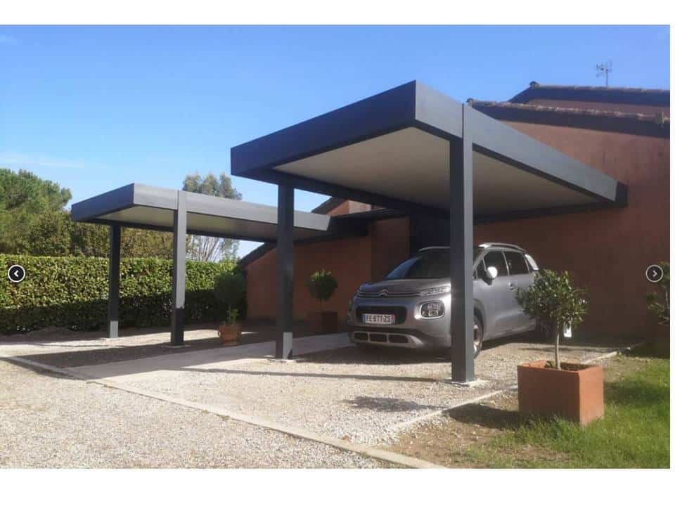 Les deux carports en aluminium de cette maison près de Toulouse, sont liés entre eux avec un auvent en aluminium qui renforce la protection au niveau de l’entrée de la maison.
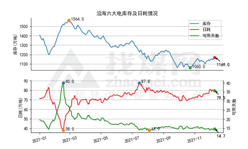 日耗、库存变化不大。12月9日,沿海六大电合计库存1169万吨(+6),日耗79.5万吨(-0.06),可用天数15天(+0.09)。
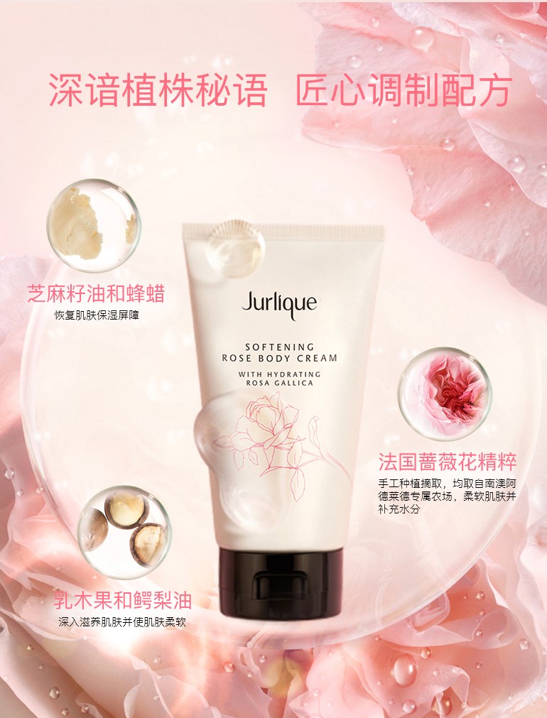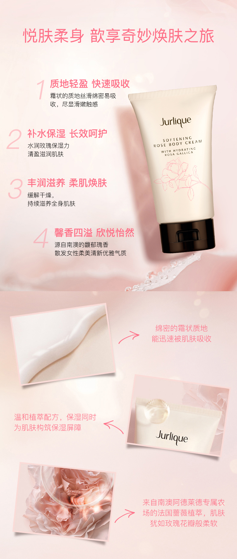 这款丰润的身体霜能被肌肤快速吸收 深层法养使几肤焕发透亮的光泽 散发迷人的芳香
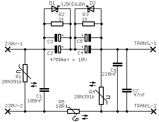 Prie ko čia tie transilai ? Transilai šioje schemoje tik sukuria pakenčiamas darbo sąlygas elektrolitiniams kondensatoriams. Ir tai yra visa jų misija. Dar daugiau birbimą sumažintų nebent LC filtras. Tik klausimas ar jis pats nebirbtų. |
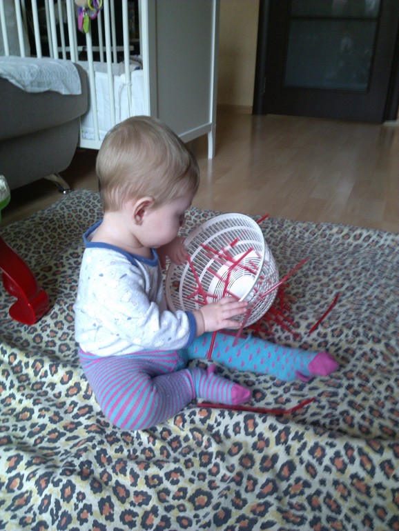 Моя дочка тоже непоседа) мне повезло, что ее 11 мес.выпало на лето. Гулчли по 2 раза по 2 часа стабильно. А дома открывала ей полки, где можно лазить и там она перебирала вещи, играли с мячиком, лазили ручками в гидрогеле, я делала физ.упражнения на пресс, а дочка наблюдала и лазила по мне. Единственная игрушка была интересна-это развтвающий столик Vtech. Остальные Игрушки не для нас. В свои почти год и пять, она не играет ни с перамидками, ни с кубиками, ни с конструктором. Попробуйте собрать коробку с шишками, камушками, каштанами и давпть ей перебирать. Мою ничто не увлекает на долго-все на минут 5, потом она уходит. На первом фото вот трубочки достаем) на втором- столик, а на третьем любтмая книга
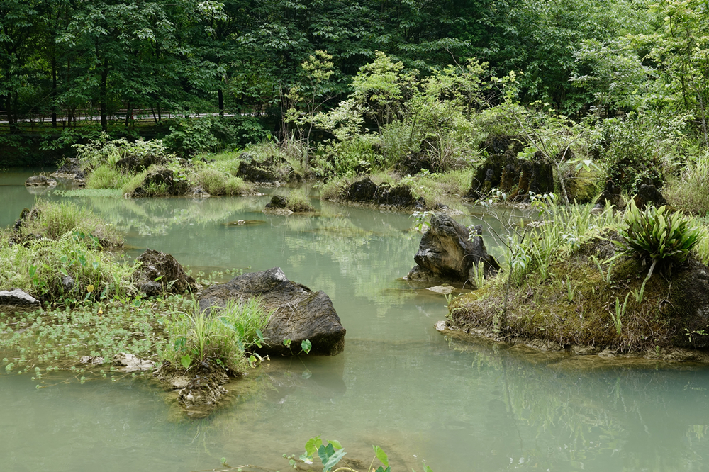 水中的石頭長(zhǎng)滿蕨類(lèi)植物,就像一個(gè)個(gè)盆栽。李仁奇 攝
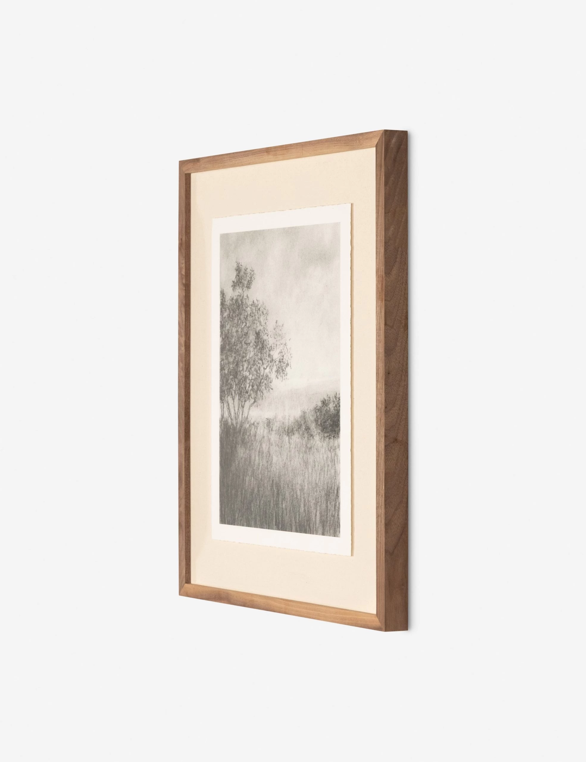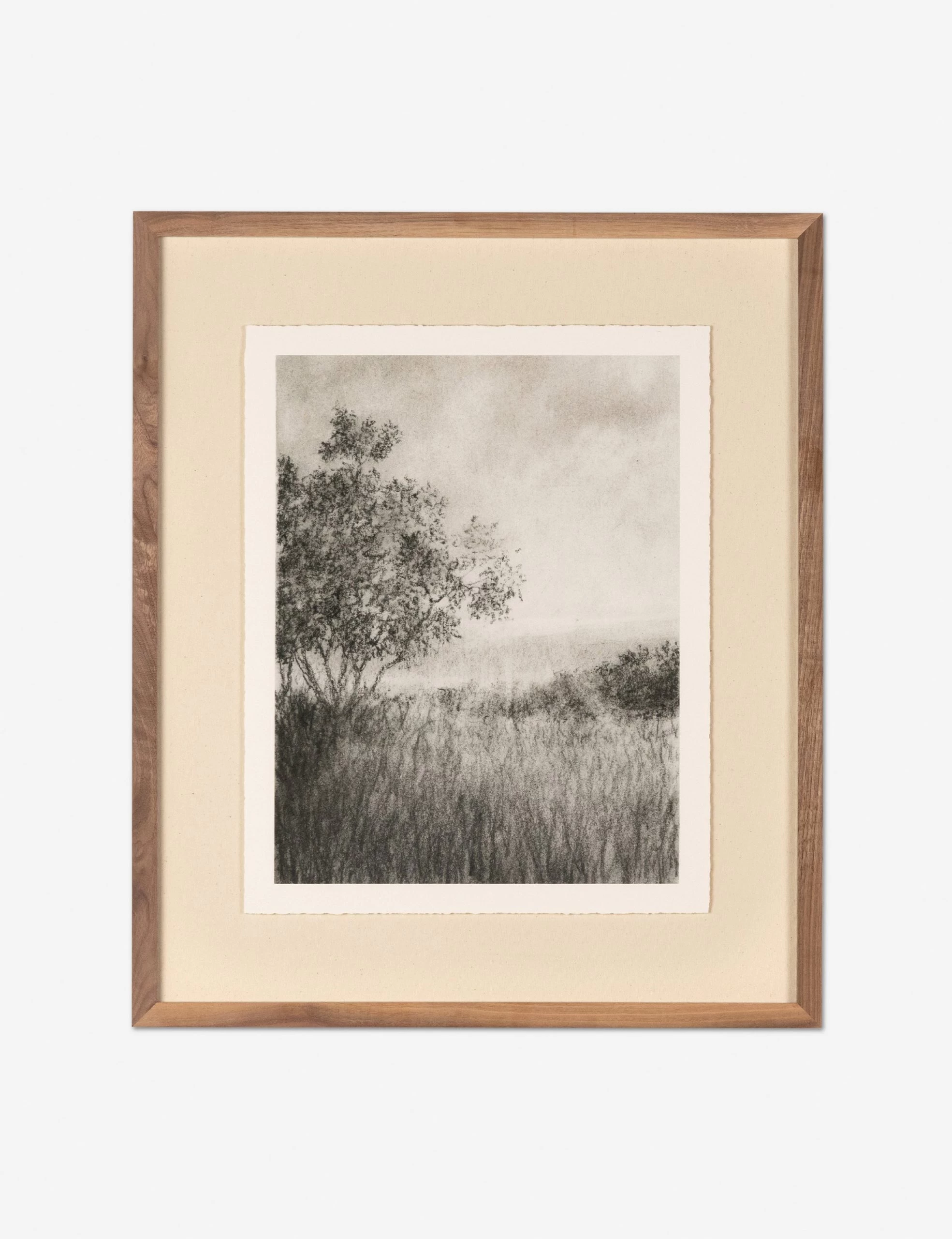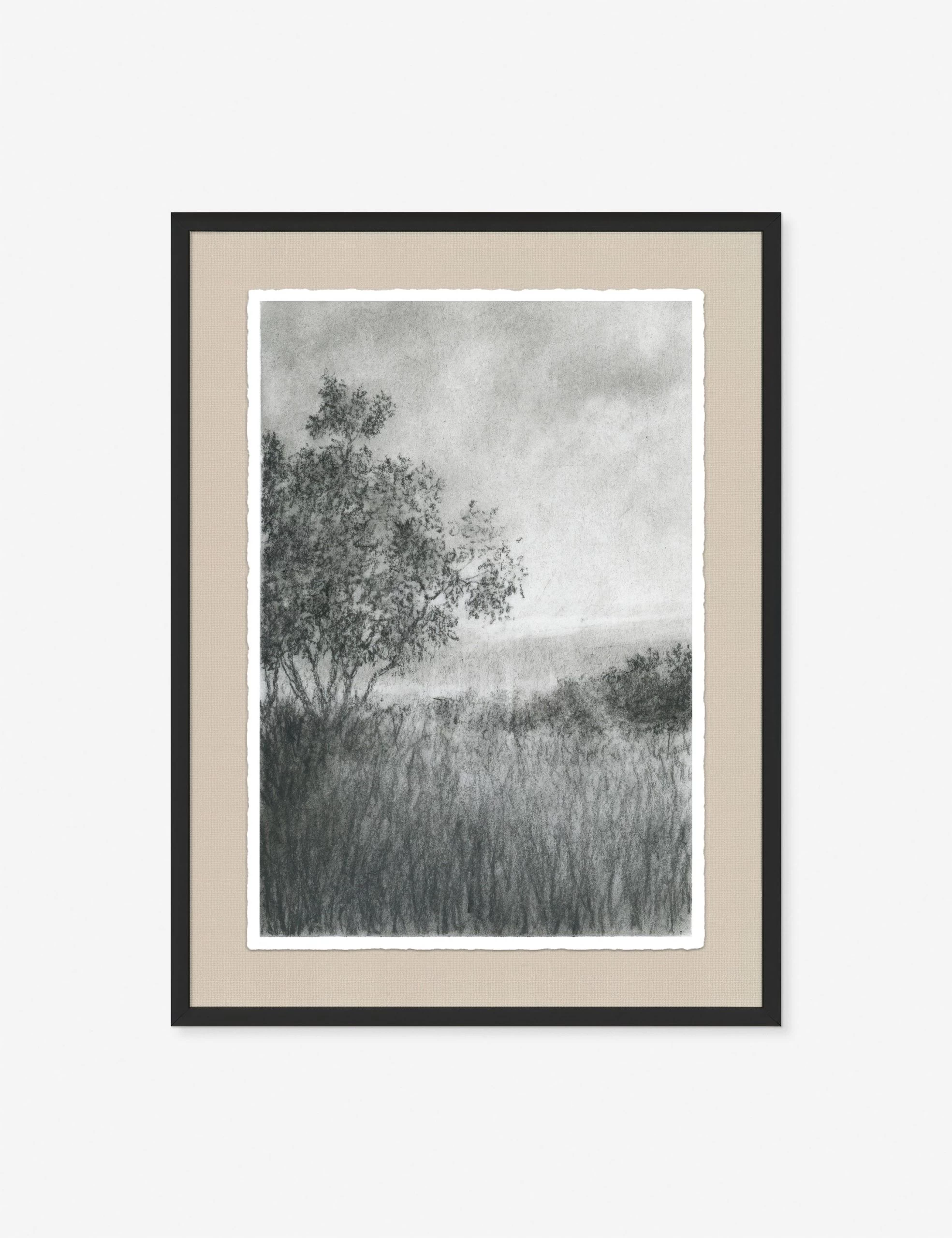 Aileen Fitzgerald captures the play of light over an atmospheric landscape in this impressionistic wall art series. With its intricate natural scenery and muted tones, this charcoal drawing offers the perfect finishing touch for transitional wall decor.

#### Instructions for the task:
Exclude the pictures from the copy. Retype exactly the lines running from the one containing "Prie ko čia" through the last line of the listing.

#### Answer space:
 Prie ko čia tie transilai ? Transilai šioje schemoje tik sukuria pakenčiamas darbo sąlygas elektrolitiniams kondensatoriams. Ir tai yra visa jų misija. Dar daugiau birbimą sumažintų nebent LC filtras. Tik klausimas ar jis pats nebirbtų. |
 Моя дочка тоже непоседа) мне повезло, что ее 11 мес.выпало на лето. Гулчли по 2 раза по 2 часа стабильно. А дома открывала ей полки, где можно лазить и там она перебирала вещи, играли с мячиком, лазили ручками в гидрогеле, я делала физ.упражнения на пресс, а дочка наблюдала и лазила по мне. Единственная игрушка была интересна-это развтвающий столик Vtech. Остальные Игрушки не для нас. В свои почти год и пять, она не играет ни с перамидками, ни с кубиками, ни с конструктором. Попробуйте собрать коробку с шишками, камушками, каштанами и давпть ей перебирать. Мою ничто не увлекает на долго-все на минут 5, потом она уходит. На первом фото вот трубочки достаем) на втором- столик, а на третьем любтмая книга
 水中的石頭長(zhǎng)滿蕨類(lèi)植物,就像一個(gè)個(gè)盆栽。李仁奇 攝
 Aileen Fitzgerald captures the play of light over an atmospheric landscape in this impressionistic wall art series. With its intricate natural scenery and muted tones, this charcoal drawing offers the perfect finishing touch for transitional wall decor.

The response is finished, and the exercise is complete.